Personalia
Bert De Munck, born in Sint Niklaas, Belgium, in 1967. Ph.D. from Free University of Brussels. Professor of History at the University of Antwerp.
Theme Group Coordinator (April – June 2016)
Imagining the City in Economic and Political Discourses, 16th-18th centuries
Research Question
The way a city is imagined, experienced, and governed is predicated upon the intellectual and epistemological categories of thinking. In this project, these categories will be analyzed by looking at the political philosophies invoked by policy maker and administrators.
Project Description
It will be examined how the city was represented and imagined in theories of political economists and in discourses of political administrators involved in economic regulation and governance.

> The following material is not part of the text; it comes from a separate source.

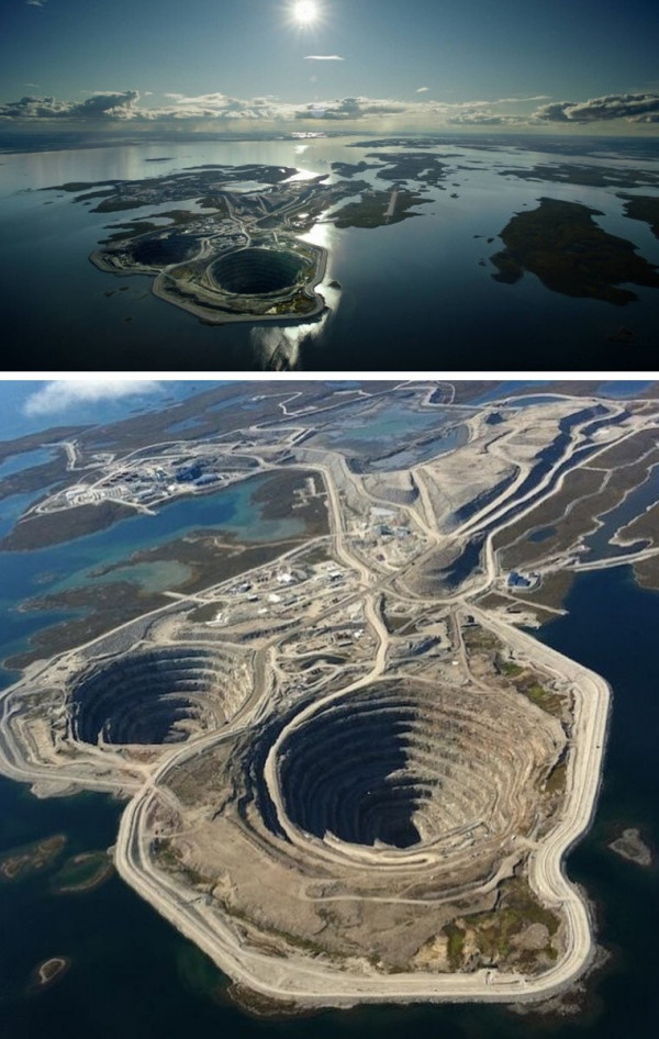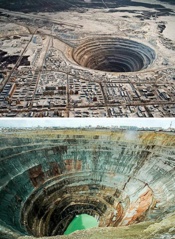 Глубина карьера составляет 735 метров, его диаметр - 1,4 километра. Месторождение было открыто в 1955-м году.

What metaphors were used when referring to the city? Was a city seen as a polis or as a walled territory for economic production? Was it imagined as a corporative body politic or as an abstract space open to circulation? I will shed light on this by looking at the writings of, on one hand, philosophers or theologians who also wrote about political economy (like Leonardus Lessius) and, on the other, economic and political actors the actions of which were often guided and justified by the writings of philosophers and political economists (e.g., Vilain XIIII).
Selected Publications
– Karel Davids and Bert De Munck (eds), Innovation and Creativity in Late Medieval and Early Modern European Cities (Aldershot, 2014).
– Bert De Munck & Anne Winter (eds), Gated communities? Regulating migration in early modern cities (Aldershot, 2012).
– ‘Artisans, Products and Gifts: Rethinking the History of Material Culture in Early Modern Europe, Past & Present, 224 (August 2014), pp. 39-74.